## How to complete this task
Images are not part of the copy; transcribe all the data exactly.

## Information supplied
--- START ---

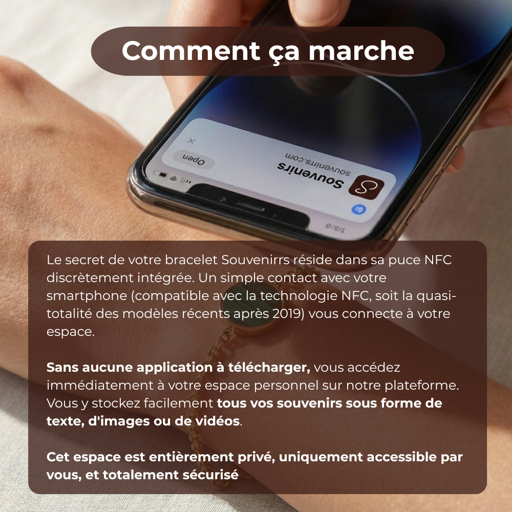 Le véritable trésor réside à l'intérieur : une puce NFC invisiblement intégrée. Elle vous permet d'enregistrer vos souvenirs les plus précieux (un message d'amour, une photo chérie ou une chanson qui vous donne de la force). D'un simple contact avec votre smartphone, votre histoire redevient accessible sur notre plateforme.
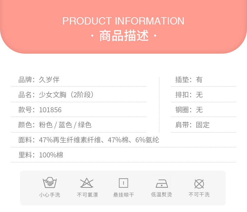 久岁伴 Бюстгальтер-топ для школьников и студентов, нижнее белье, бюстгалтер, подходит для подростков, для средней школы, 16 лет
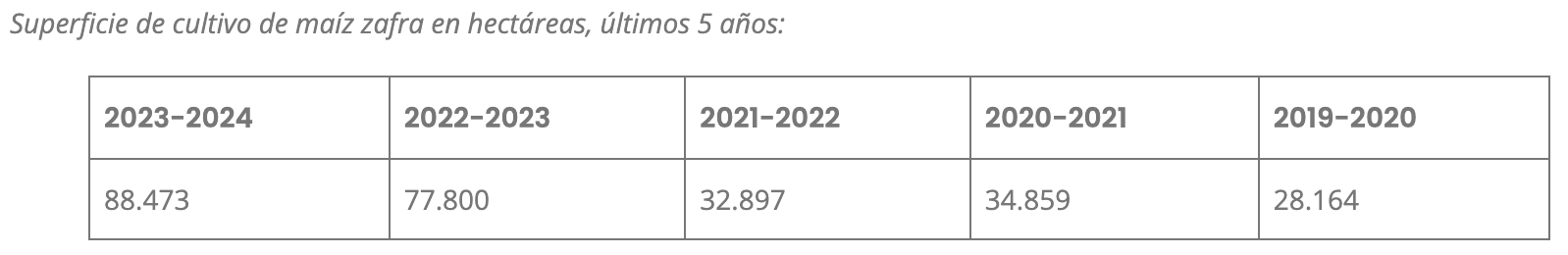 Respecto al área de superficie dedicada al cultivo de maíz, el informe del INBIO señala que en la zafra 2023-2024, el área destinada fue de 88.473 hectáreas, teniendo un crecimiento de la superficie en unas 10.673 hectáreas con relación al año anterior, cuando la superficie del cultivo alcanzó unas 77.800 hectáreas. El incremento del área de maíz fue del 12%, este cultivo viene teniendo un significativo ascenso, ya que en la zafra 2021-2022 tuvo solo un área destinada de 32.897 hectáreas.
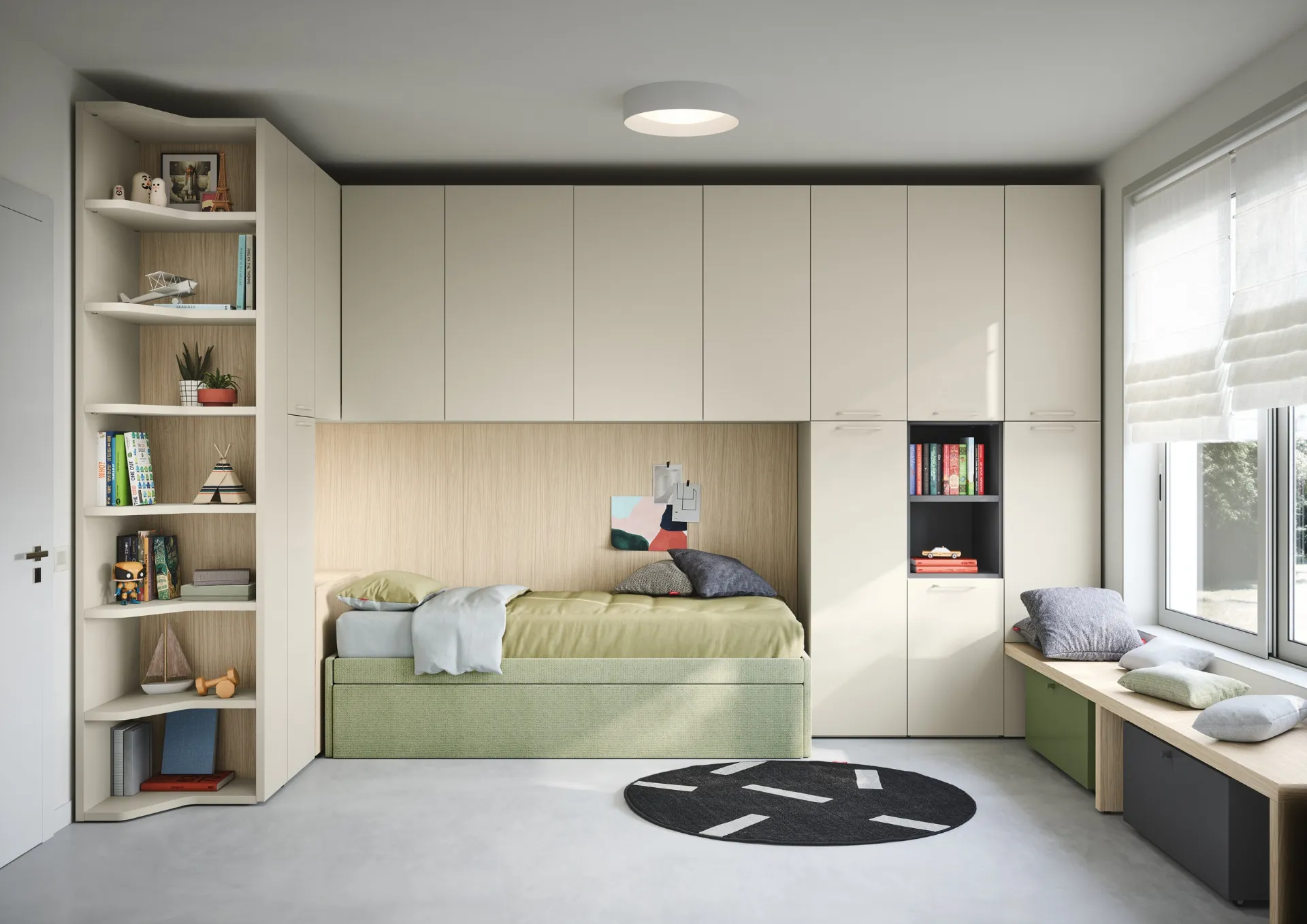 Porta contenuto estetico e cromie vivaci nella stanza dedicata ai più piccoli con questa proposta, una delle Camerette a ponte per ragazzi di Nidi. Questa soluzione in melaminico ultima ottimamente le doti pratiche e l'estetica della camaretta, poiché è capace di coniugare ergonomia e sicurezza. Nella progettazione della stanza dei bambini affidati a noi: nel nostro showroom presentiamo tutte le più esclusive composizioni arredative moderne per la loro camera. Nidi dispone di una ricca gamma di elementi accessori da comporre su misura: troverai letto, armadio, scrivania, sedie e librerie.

--- END ---

## Solution to this problem
 Le véritable trésor réside à l'intérieur : une puce NFC invisiblement intégrée. Elle vous permet d'enregistrer vos souvenirs les plus précieux (un message d'amour, une photo chérie ou une chanson qui vous donne de la force). D'un simple contact avec votre smartphone, votre histoire redevient accessible sur notre plateforme.
 久岁伴 Бюстгальтер-топ для школьников и студентов, нижнее белье, бюстгалтер, подходит для подростков, для средней школы, 16 лет
 Respecto al área de superficie dedicada al cultivo de maíz, el informe del INBIO señala que en la zafra 2023-2024, el área destinada fue de 88.473 hectáreas, teniendo un crecimiento de la superficie en unas 10.673 hectáreas con relación al año anterior, cuando la superficie del cultivo alcanzó unas 77.800 hectáreas. El incremento del área de maíz fue del 12%, este cultivo viene teniendo un significativo ascenso, ya que en la zafra 2021-2022 tuvo solo un área destinada de 32.897 hectáreas.
 Porta contenuto estetico e cromie vivaci nella stanza dedicata ai più piccoli con questa proposta, una delle Camerette a ponte per ragazzi di Nidi. Questa soluzione in melaminico ultima ottimamente le doti pratiche e l'estetica della camaretta, poiché è capace di coniugare ergonomia e sicurezza. Nella progettazione della stanza dei bambini affidati a noi: nel nostro showroom presentiamo tutte le più esclusive composizioni arredative moderne per la loro camera. Nidi dispone di una ricca gamma di elementi accessori da comporre su misura: troverai letto, armadio, scrivania, sedie e librerie.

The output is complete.